QInsights currently offers sentiment analysis for semi-structured data in Excel format, making it ideal for open-ended survey responses, customer feedback, or social media comments. If you want to conduct a sentiment analysis for text or PDF documents, you can still do this by using a prompt in Conversational Analysis. See below for an example prompt you can use.
Traditional sentiment analysis often categorizes feedback as positive, neutral, or negative, but with the power of generative AI, it becomes much more dynamic. QInsights allows you to define custom dimensions that align with your data, such as "satisfied" vs. "dissatisfied" or "rational" vs. "emotional". Additionally, you can refine your analysis by focusing on specific topics and engaging interactively through follow-up questions, also making sentiment analysis a collaborative process between human researcher and AI-assistant.
How It Works
Select Your Data & the Sentiment Analysis Option
- Select an Excel file.
- Next, choose the column you want to analyse. Sentiment analysis evaluates data case by case (= row by row) and click Select.
- When in analysis menu, select Sentiment Analysis.

Define Sentiment Categories
- Enter the sentiment categories you want to explore.

You can use standard sentiment categories, such as positive, neutral, and negative, or customize dimensions based on your needs. Examples are:
- Satisfied, neutral, dissatisfied
- Rational, emotional
- Planned, impulsive
- Supportive, critical, neutral
It is also possible to narrow the scope to a specific topic. This is especially useful for datasets like social media comments or product feedback. Examples are:
- Social media: "Classify responses that directly refer to the post’s content as like, neutral or dislike.”
- Customer feedback: "Disappointment or satisfaction with regard to usability"
Review Results
QInsights produces a pie chart showing the distribution of your defined dimensions.
- Hover over the chart to see the percentage distribution.

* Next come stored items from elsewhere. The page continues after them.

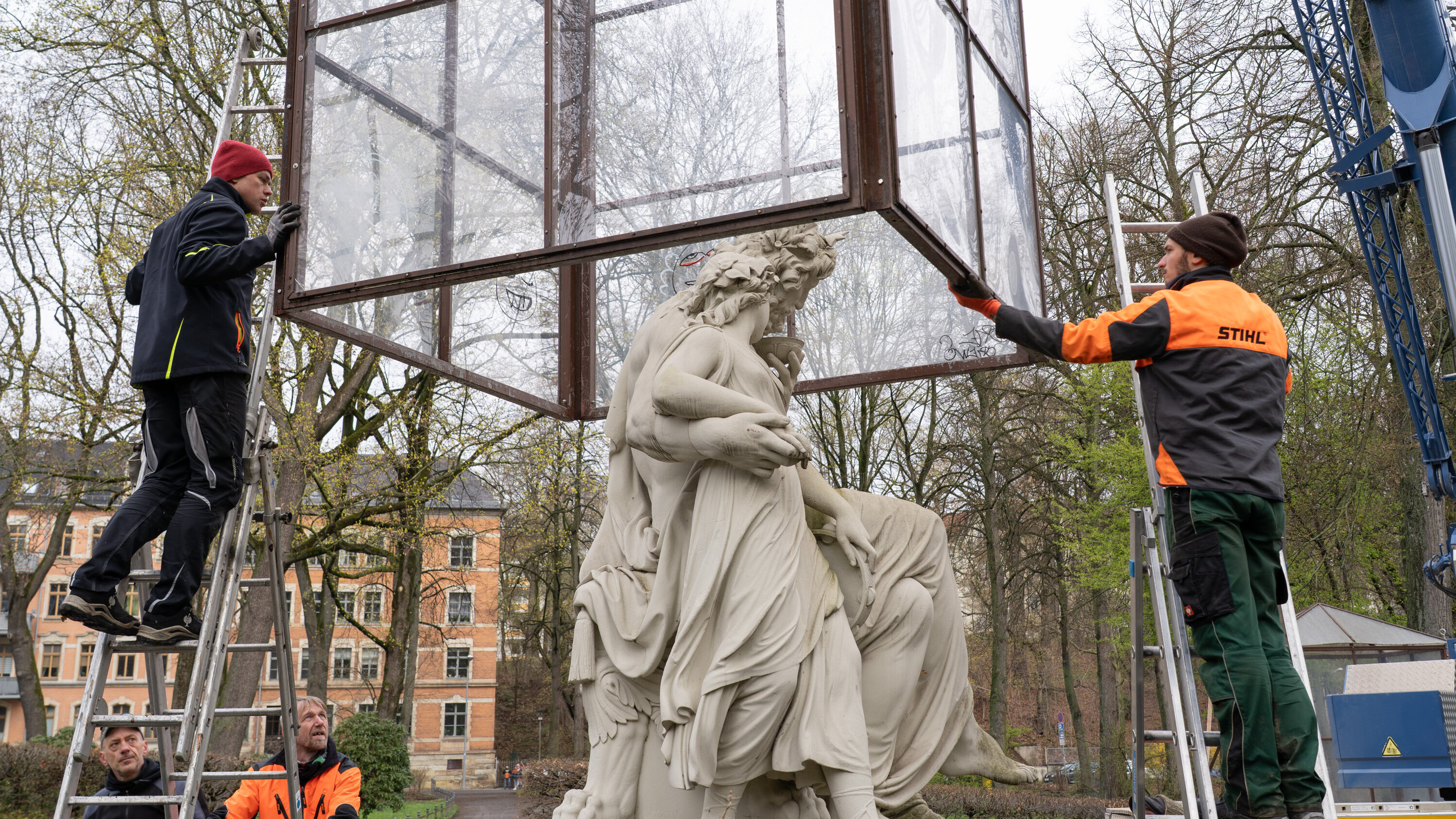 On Tuesday (31 March), the Schilling figures in the park by the castle pond were freed from their winter protection. The team from the Parks Department led by Erik Wagner removed the enclosures with great sensitivity - supported by a mobile crane.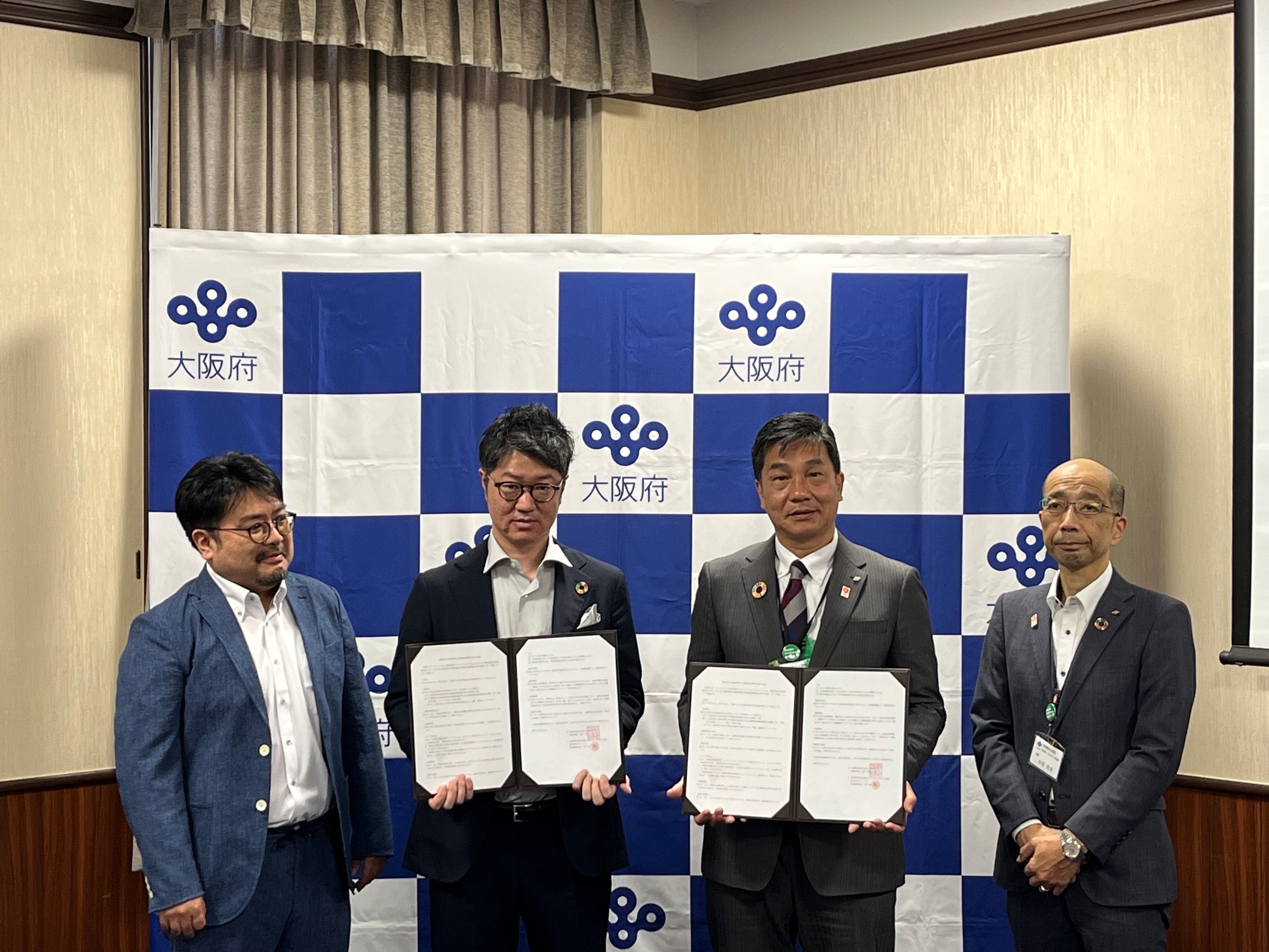 左から、株式会社エナーバンク共同創業者COO佐藤、共同創業者代表取締役村中、大阪府環境農林水産部原田部長、脱炭素・エネルギー政策課水田課長
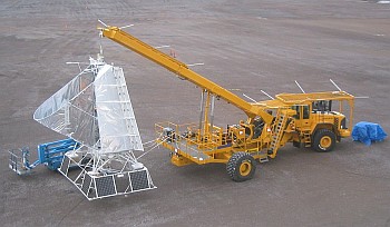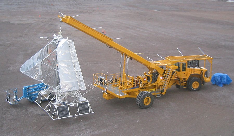 El incremento de las capacidades de lanzamiento llevó a tener que adquirir un nuevo vehículo de lanzamiento. El camión Volvo de 40 toneladas que vemos en la imagen y que ha sido apodado "Hercules" vino a reemplazar a la vieja grúa utilizada antiguamente para sostener las cargas útiles durante los lanzamientos llevados a cabo por método dinámico. Con su brazo hidráulico y una alta capacidad de maniobra, Hercules puede manejar cómodamente gondolas de instrumentos de hasta 6000 libras de peso, lo que junto al incremento de la superficie de lanzamiento permite la operación de balones estratosféricos de un volumen de 1.000.000 de metros cúbicos, es decir de los mas grandes modelos en uso actualmente. A la derecha podemos ver el nuevo vehículo en acción mientras sostiene el telescopio BLAST (primer instrumento lanzado en vuelo transatlántico) durante una prueba de izado en el año 2005 (click para ampliar).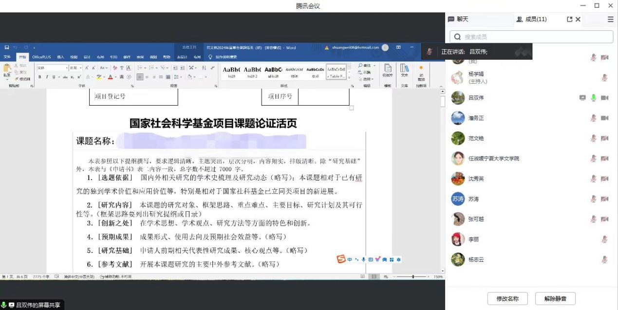 2月3日、2月4日上午,beat365在线官网入口以线上会议的方式组织开展了2024年国家社会科学基金项目校外专家评审会,会议分为文学、语言学专场进行。此次评审会邀请吉林大学张丛皞教授、山东大学杨建刚教授、安徽师范大学潘务正教授、湖南师范大学吕双伟教授、辽宁师范大学杨春宇教授、杭州师范大学杨建忠教授作为评审专家,对公司申报的国社科基金项目进行点评。会议由副经理刘鸿雁主持,beat365在线官网入口沈秀英、任淑媛、苏涛、杨学娟、张可越、杨志云、范文艳、刘贺、杨敏参加了论证会。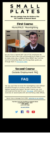 Periodic newsletter containing bite-sized items and media from the New York City Conflicts of Interest Board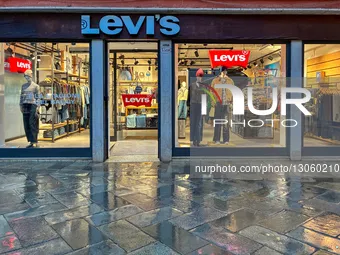 A Levi's brand clothing storefront features mannequins, denim jeans, and other apparel on a wet stone-tiled street in Venice, Veneto, Italy, on November 16, 2025. Levi Strauss & Co. is an American clothing company and one of the world's largest apparel marketers, globally recognized as a leader in the denim and jeans sector.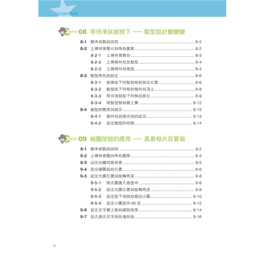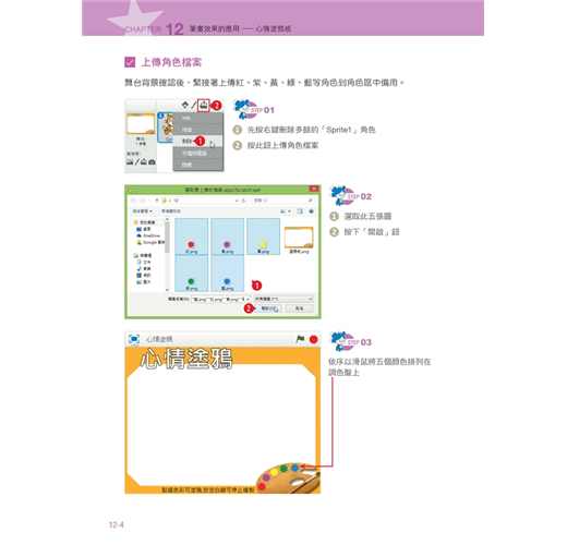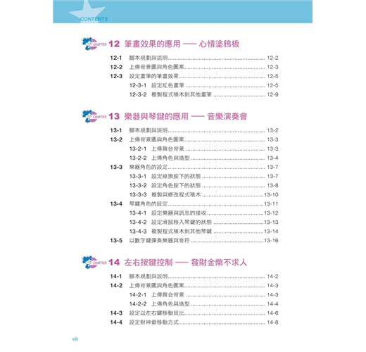*範例主題多元化,涵蓋動態賀卡、故事、動畫設計、按鈕設計、遊戲設計…等多種類型,讓學習者輕鬆學會各種程式積木的用法。
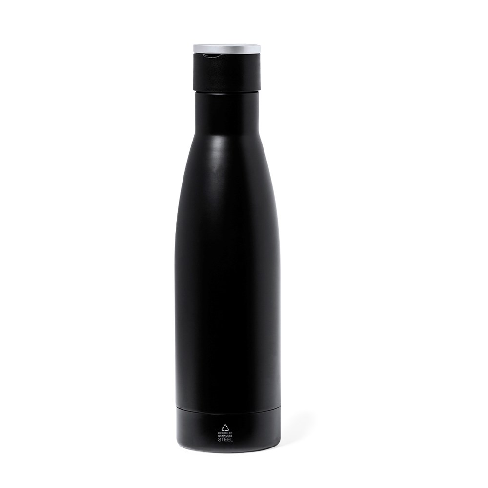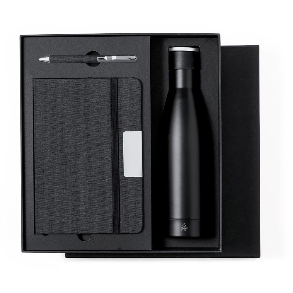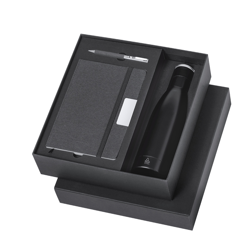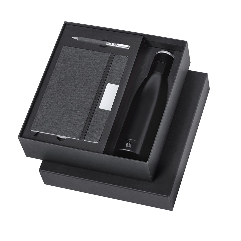 "Stijlvolle premium set. Inclusief Dubbellaagse kolf met een inhoud van 500 ml, gemaakt van gerecycled roestvrij staal met matzwarte afwerking en een stevig handvat van matzilveren metaal. Met roestvrijstalen logo.RPET notitieblok in een elegante zwarte kleur, met een speciaal metaal laat voor lasergraveren. Inclusief elastische sluiting en stoffen boekenlegger. Interieur met 80 vellen enkelgestreepte lay-out. Met RPET-logo.RPET balpen met matzwarte afwerking, draaimechanisme en blauwe inkt. Met clip en gepolijste metalen punt.Set gepresenteerd in een individuele doos met matte afwerking, met uitgesneden binnenkant voor elk van de elementen van de set.Het RPET-materiaal is gemaakt van gerecycled plastic, bevordert het hergebruik van plastic afval en draagt ​​bij aan de duurzaamheid van de planeet."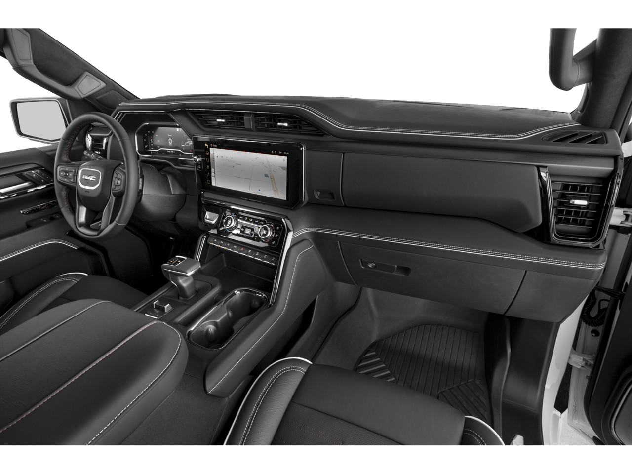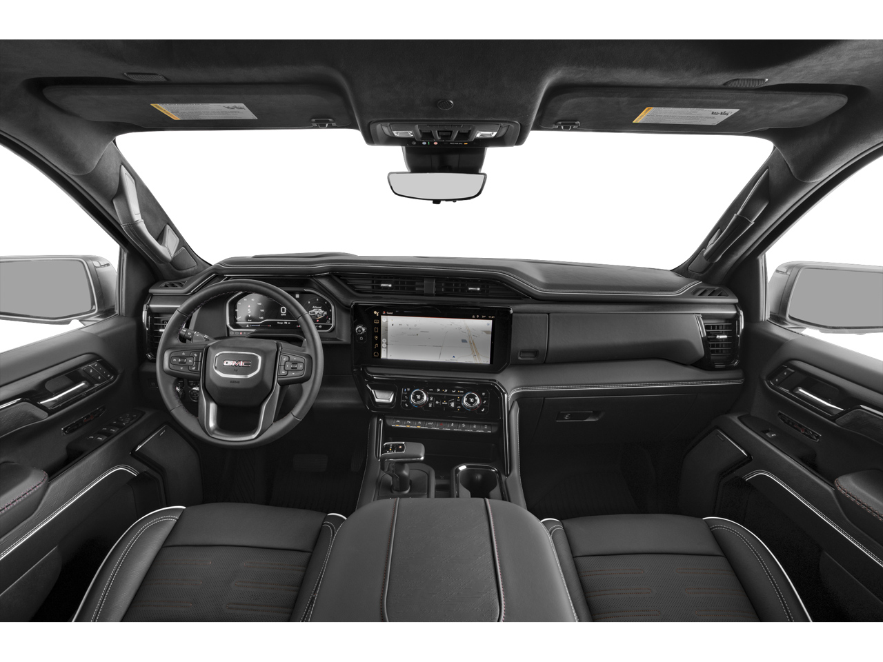 Utility & Style: Featuring the GMC MultiPro Tailgate with a Kicker Audio System, a Power Sunroof, and 18-inch Gloss Black wheels with Mud-Terrain tires.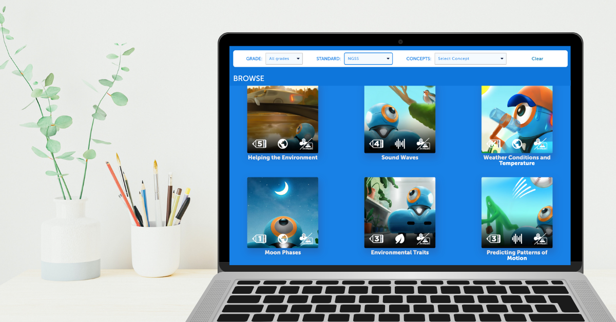 Ben je er klaar voor om je leerlingen mee te nemen op een bijzondere leerreis? We zijn verheugd om onze gloednieuwe NGSS-georiënteerde wetenschapsactiviteiten aan te kondigen! Deze 20 interactieve K-5 activiteiten combineren aard- en ruimtevaart, biowetenschappen en natuurwetenschappen met fundamentele codeervaardigheden zoals sequencing, loops, events en conditionals, zodat kinderen kunnen leren door te doen, te ontdekken en vooral plezier te hebben.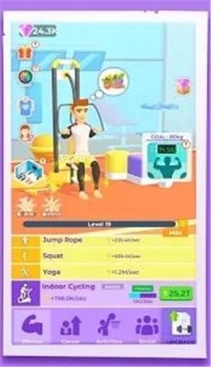 3、根据不要一样的锻炼新项目让游戏玩家的总体看上去很非常好,去随意挑战运动健身的的器械,一步步提升 体脂。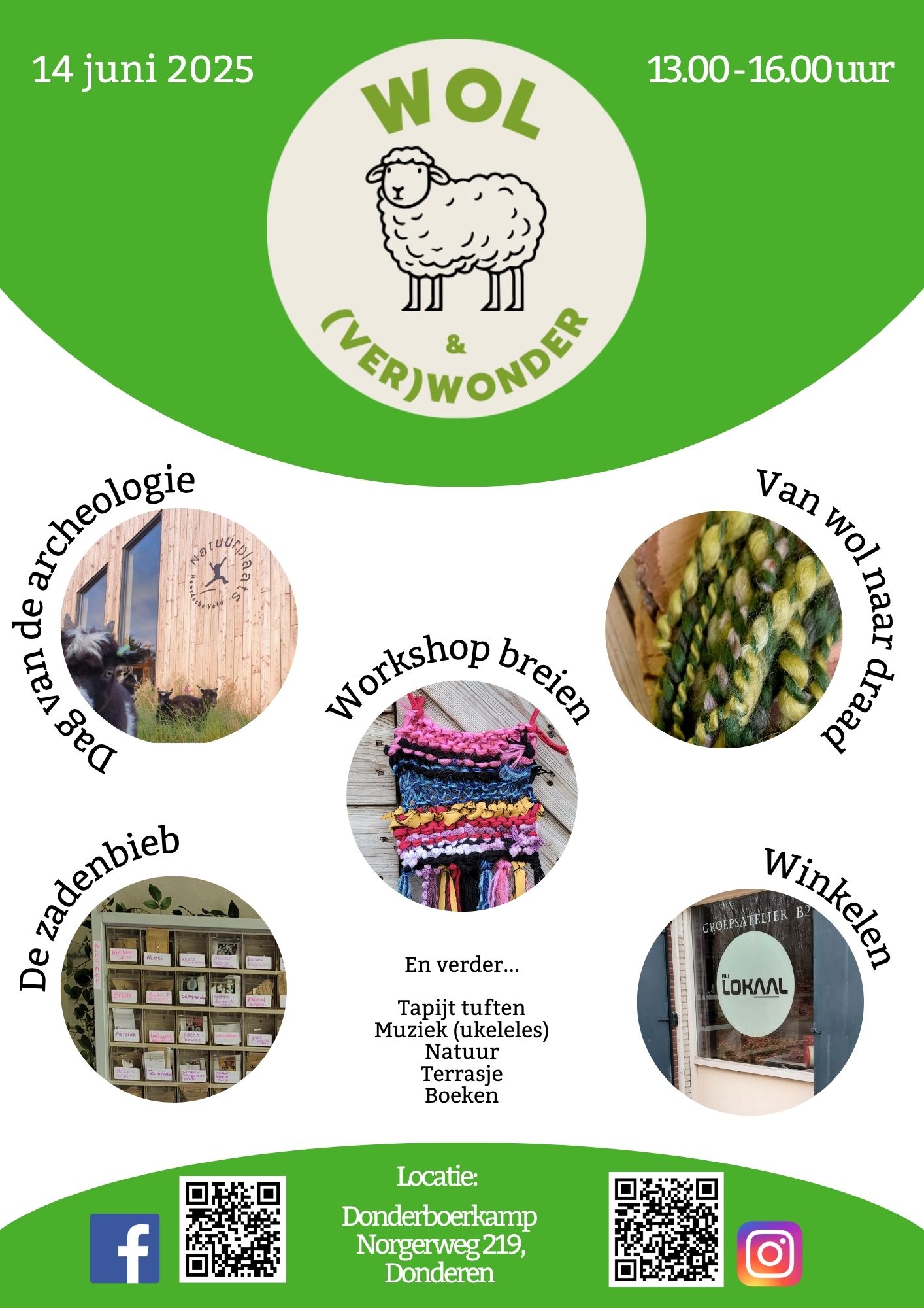 Op 14 juni 2025 is het World Wide Knit in Public Day’ (WWKIPDAY). Deze internationale dag laat zien hoe leuk het is om zelf bijvoorbeeld kleding te breien én dat er door mensen van allerlei leeftijden en achtergronden met veel plezier wordt gebreid. Daarom organiseert Wolstudio Haren op deze dag, i.s.m. partners, het festival Wol & (ver)Wonder. Tussen 13.00 en 16.00 verandert het Donderboerkamp in Donderen in een prachtige evenementen-locatie, waar wol, natuur en creativiteit samenkomen.

A summary of the analysis is displayed below the pie chart, written by Q, your AI assistant.
- Click View AI Summary to edit it.
Below the summary, you can inspect how each response was classified. Q also provides an explanation for each classification (see screenshot below). The table with the classification results can be exported as Excel file.

Ask follow-up questions
In addition to the summary, you can ask follow-up questions to delve deeper.
- Like in Topic or Grid Analysis, click on the Q button to start a follow-up chat.
You can for example ask Q for a detailed list of dimensions and their corresponding distributions: Here are two example prompts:
- "List all dimensions with their percentage distribution."
- “Check all rational reasons for similarity, group all similar reasons under a category and give each category a name and a description. Output all categories with description and provide some example quotes.”
Best Practices for Effective Sentiment Analysis
Select one question in the Excel file at a time. E.g., if your dataset includes separate questions for "benefits" and "challenges," analyse these columns individually to avoid conflicting results.
Keep prompts simple. Instead of overly complex or multi-layered queries, focus on straightforward questions:
- rational vs. emotional regarding product design
- positive, neutral, or negative regarding pricing
Results like the following might be interesting for smaller data sets, but become quickly difficult to read. If the pie chart looks similar to the screenshot below, simplify your prompt.

Tailor Dimensions to Your Needs: Examples
- Happy, frustrated (e.g. for customer feedback)
- Supportive, critical, neutral (e.g. for evaluating user responses to a policy.)
- Disappointed, neutral, excited
- If you want to work with an established framework of dimensions, add those including their descriptions to the project description. If you use these dimensions in the analysis, Q will take the description of what each dimension means into account.
Prompt for Sentiment Analysis for Word / PDF documents
You can use the following prompt in Conversational Analysis if you want to conduct a sentiment analysis for Word or PDF files, e.g. for an interview, a focus group or a document:
For each document, classify sentiments at a reasonably granular level (e.g., by paragraph, speaker turn, or thematic section) into positive, negative, or neutral categories (or define other dimensions that better suit your analysis purpose).
Document-Level Summary
- Describe the overall balance of positive, negative, and neutral sentiments (e.g., “mostly positive with some negative remarks”).
- Cite short quotes or examples that illustrate each sentiment.
Cross-Document Analysis
- Summarize common topic areas in sentiment across all documents.
- Identify any significant outliers, contradictions, or unexpected expressions of sentiment.
Relative Weighting (instead of counts)
- Indicate for each document whether positive, negative, or neutral sentiments are dominant, secondary, or minor.
- For the full set, summarize the relative distribution of sentiments (e.g., “positive sentiments dominate, but negative remarks are frequent in relation to [topic or theme X]”).
Output Format
Per-Document Analysis
- Document title or identifier
- Sentiment balance (dominant / secondary / minor)
- Representative quotes or excerpts
- Brief summary of key sentiment findings
Cross-Document Summary
- Overall sentiment balance across all documents
- Overarching themes or patterns
- Conflicting, unusual, or surprising findings
Refine the prompt to fit your specific needs!